Добавить в цитаты Настройки чтения

Страница 112 из 127



Маркиз, ни словом не обмолвившись о признании отца Николы, тут же потребовал поставить его в известность о тайных сведениях, связанных, по мнению Скедони, со спокойствием дома Вивальди; Скедони обратился тогда к стоявшему близ него служителю с вопросом, присутствует ли здесь секретарь инквизиции, который, согласно его просьбе, должен был закрепить на бумаге все, что исповеднику предстояло сообщить. Получив утвердительный ответ, Скедони поинтересовался, кто еще находится в камере, и добавил, что для его показаний необходимы свидетели со стороны инквизиции; выяснилось, что помимо двух служителей в камере присутствует еще и инквизитор, а этого более чем достаточно для требуемой цели.
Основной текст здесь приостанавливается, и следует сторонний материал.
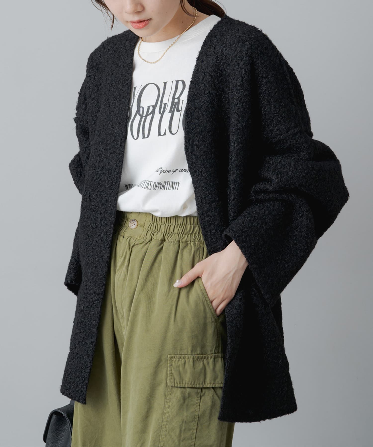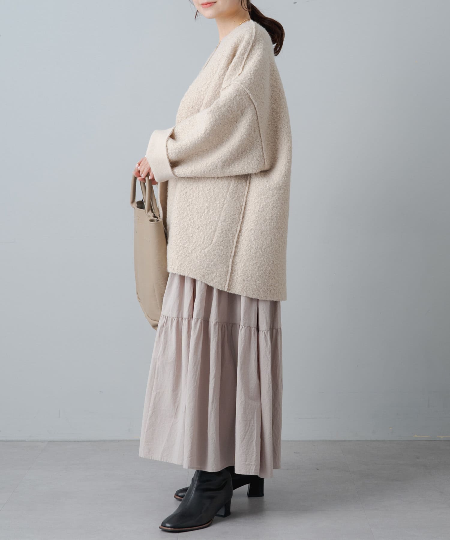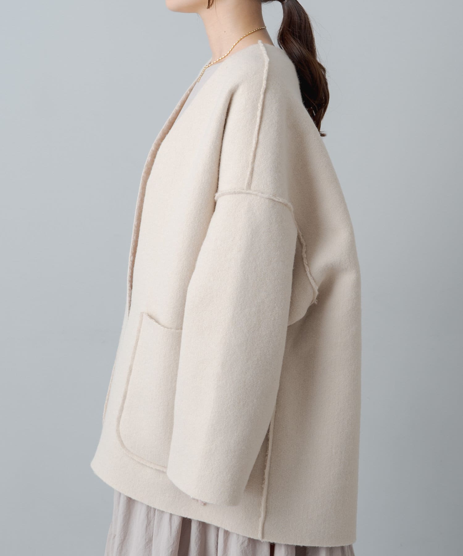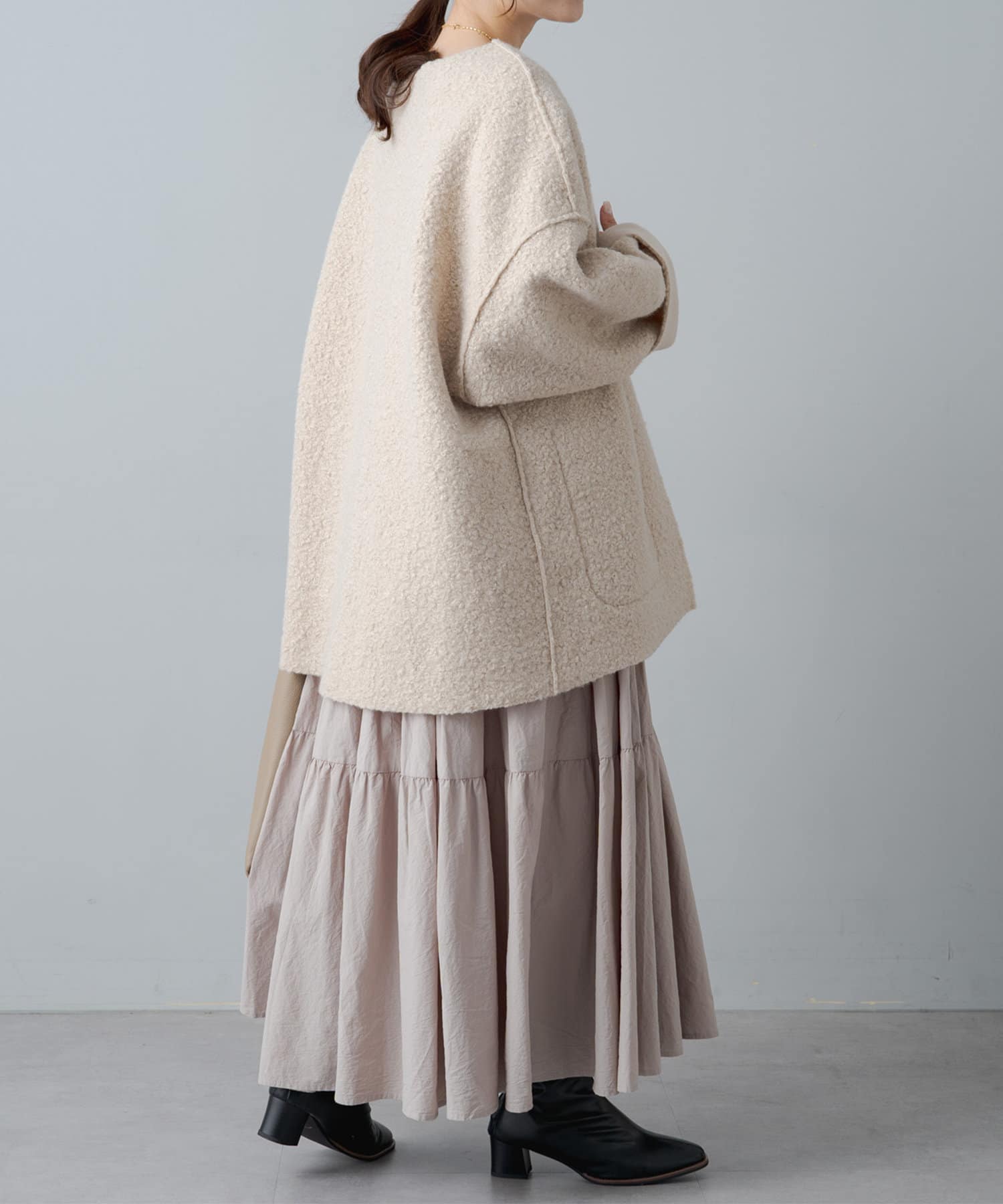 ボタンやジップ無しでさっと羽織れるトッパータイプで軽い着心地。
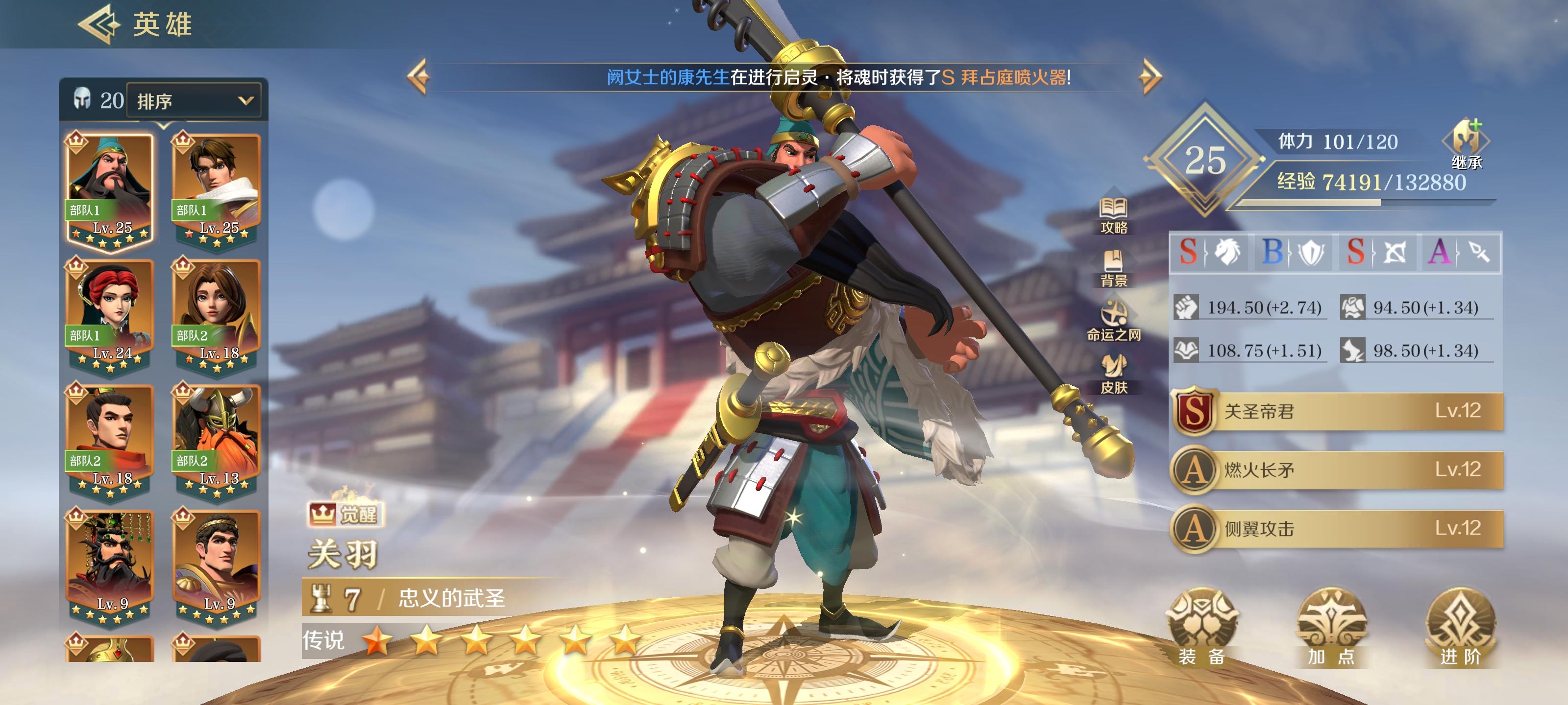想问一下 该怎么配队 主队关羽队没有西奥 副队的 备选有君坦和嬴政 但是不知道怎么搭配 技能也不多

Тогда секретарь попросил лампу; но поскольку доставить ее немедленно было нельзя, вместо нее принесли пылающий факел одного из стражников, стоявших снаружи в темном коридоре; при отблесках пламени Скедони смог распознать тех, кто собрался в его мрачном узилище, а посетителям стали явственнее видны заострившиеся черты исхудалого, мертвенно-бледного лица исповедника. У Вивальди, вглядевшегося в Скедони пристальнее при свете факела, вновь мелькнула мысль, что на лице его лежит печать смерти.

Все приготовились выслушать повесть Скедони, но сам он, казалось, не был к ней готов. Некоторое время он недвижимо покоился на ложе с закрытыми глазами, не произнося ни слова, однако быстрые изменения в его лице свидетельствовали о сильнейшем внутреннем волнении. Затем, сделав над собой огромное усилие, Скедони рывком оторвал голову от подушки и, опершись локтем на постель, приступил к исчерпывающему описанию всех тайных козней, чинившихся им против Вивальди. Скедони сознался, что именно он и есть тот самый анонимный обвинитель, по доносу которого юноша был арестован Святой Палатой, и что обвинение в ереси, возведенное им на Вивальди, от начала до конца является лживой и злонамеренной выдумкой.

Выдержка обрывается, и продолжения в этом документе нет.